Elle a donné pour exemple l'introduction dès 2015 d'un salaire minimum en Allemagne, résultat de l'accord avec le SPD pour former un gouvernement de coalition.

"Aucune personne ayant un coeur ne peut rejeter l'idée d'un salaire minimum. Chaque personne ayant un coeur doit s'assurer que l'aspiration légitime à une rémunération décente ne conduise pas vers le chômage des gens qui ont un travail", a-t-elle déclaré, très applaudie.

De nouvelles mesures

"La flexibilisation inévitable du droit du travail a conduit à de nouvelles possibilités d'abus", a-t-elle également affirmé.
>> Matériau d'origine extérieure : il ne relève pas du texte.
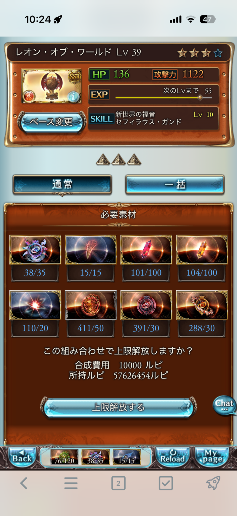 これで必要なトレジャーが全て揃い、無事に上限解放を行いました。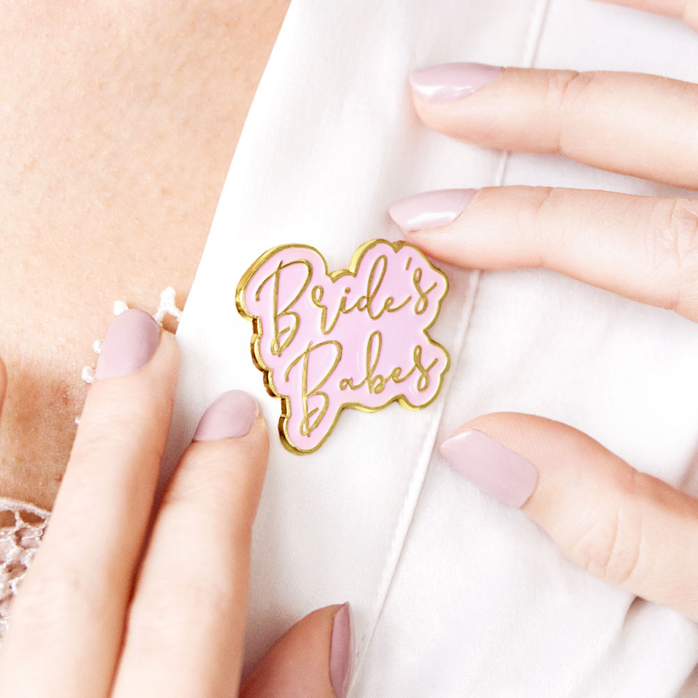 Bride's Babes Brosch innehåller en brosch i ljusrosa med guldkanter och texten "Bride's Babes" i guld.
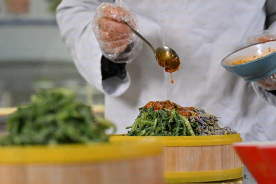 蒸菜是河南传统家常菜肴,以野菜或根茎类蔬菜裹面粉蒸熟,配蒜汁、香醋、小磨香油食用。因低油低盐、营养保留充分,深受当地群众喜爱。据考证,蒸菜技艺可追溯至新石器时代的“甑”,唐宋时期曾作为中原救荒食物,明代《救荒本草》中多有记载。(李恒摄)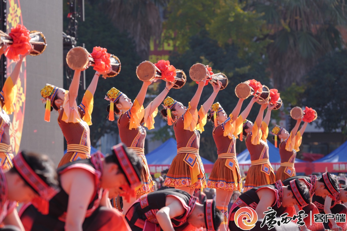 黃泥鼓舞表演。盤(pán)斌 攝 鼓點(diǎn)聲中,《黃泥鼓韻》《花籃載福》等原生態(tài)的歌舞節(jié)目接連上演,演員們飽滿的熱情與精湛的演繹,激起掌聲雷動(dòng)。觀眾席中一位來(lái)自南寧的林女士全程舉著手機(jī)記錄,她贊嘆道:“她們的服飾太美了,特別是頭飾各有特色。在這里看到大多數(shù)本地人都穿著民族服裝,那種原始淳樸的文化氛圍保存得如此完好,真是一個(gè)令人向往的地方。”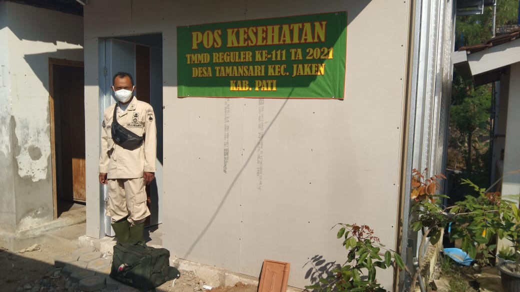 Pati – TMMD Reguler Ke-111 yang akan berlangsung selama 30 hari selama kegiatan tersebut berlangsung, Tim Kesehatan Satgas TMMD 111 Kodim 0718/ Pati selalu standby di Posko Kesehatan yang ada di Desa Tamansari,Kecamatan Jaken, Kabupaten Pati. Rabu (23/06/2021).

Elle a considéré que le gouvernement précédent, qu'elle a dirigé avec ses alliés libéraux, avait "corrigé certaines d'entre elles", mais que son gouvernement de grande coalition (conservateurs et sociaux-démocrates) allait devoir "apporter de nouvelles corrections".

Outre le salaire minimum, elle a cité la limitation de la durée du travail intérimaire à 18 mois au maximum et l'obligation prochaine de payer les intérimaires au même niveau que les salariés disposant d'un contrat à long terme.

L'Allemagne a été régulièrement critiquée sur la scène internationale pour s'être trop serrée la ceinture ces dernières années. Les mesures sociales sont au coeur du contrat de coalition signé en décembre entre les conservateurs d'Angela Merkel et les sociaux démocrates du vice-chancelier, Sigmar Gabriel.